If there are any supermarket developers reading this blog, please note that East Alabama is in desperate need of more supermarkets! Since Bruno's closed all stores in St. Clair, Talladega, and Calhoun Counties, we have very few options for groceries. Here is a listing of the major competitors that we have:


  • Walmart Supercenter
  • Winn-Dixie
  • Save-A-Lot
  • Food Outlet (Independent whose stores are run down and in poor areas)
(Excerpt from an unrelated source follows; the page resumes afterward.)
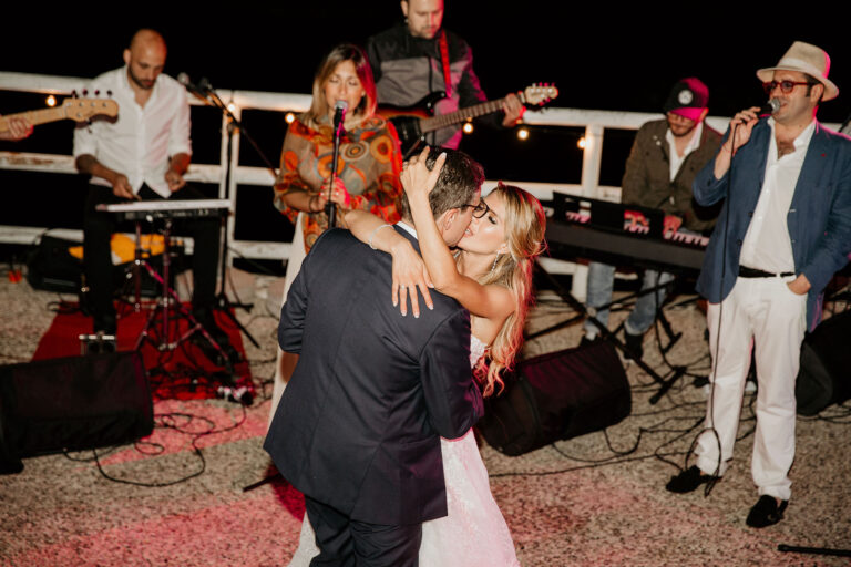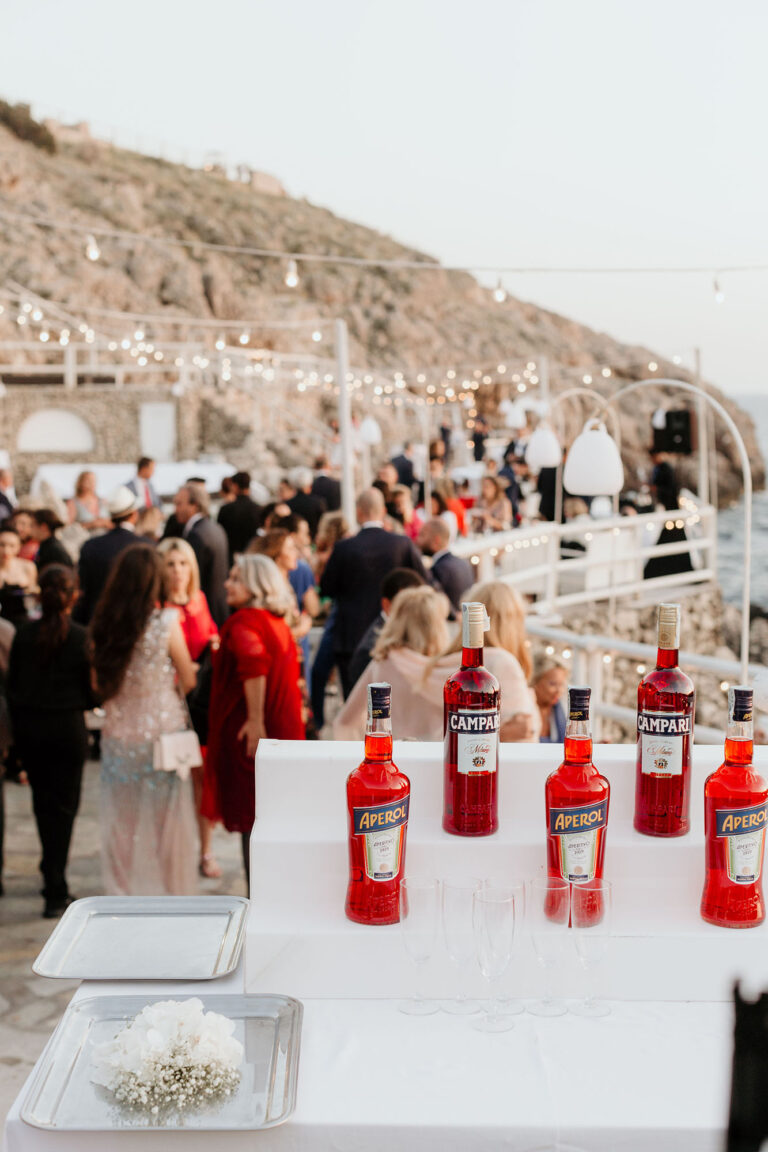 Свадьба прошла в сказочной обстановке, с потрясающим видом на кристально чистое море и утесы, уходящие в синюю воду. Ресторан Ristorante del Faro, известный своей изысканной кухней и уникальной атмосферой, принял молодоженов и их гостей на незабываемый прием. На фоне заката, окрасившего небо в яркие цвета, Микеле и Анна праздновали свою любовь в окружении близких и вечной красоты острова.

  • Dorsey's (an Independent in Oxford that is similar to Food Outlet)
  • Piggly Wiggly


As you can see from the list, there are few real choices. Winn-Dixie is the last full service grocer, and they are loving it! They have no competition other than Walmart. Save-A-Lot, Food Outlet, and Dorsey's are old stores located in poor areas. Calhoun County has no Piggly Wiggly store. Bruno's operated 3 stores in Calhoun County until 2006. They closed Food World in 2006, and closed the Anniston Foodmax in 2007. The Oxford Foodmax closed in May 2009. Talladega's Food World closed in 2005. Sylacauga, Pell City, and Moody Food World stores closed in May 2009. This area could easily support a Publix, Kroger, Food Lion, Ingles, or any other grocer that would be willing to build a new store or reopen one of the six empty Bruno's stores. North Anniston has an abundance of land to be developed on and around the former Ft. McClellan.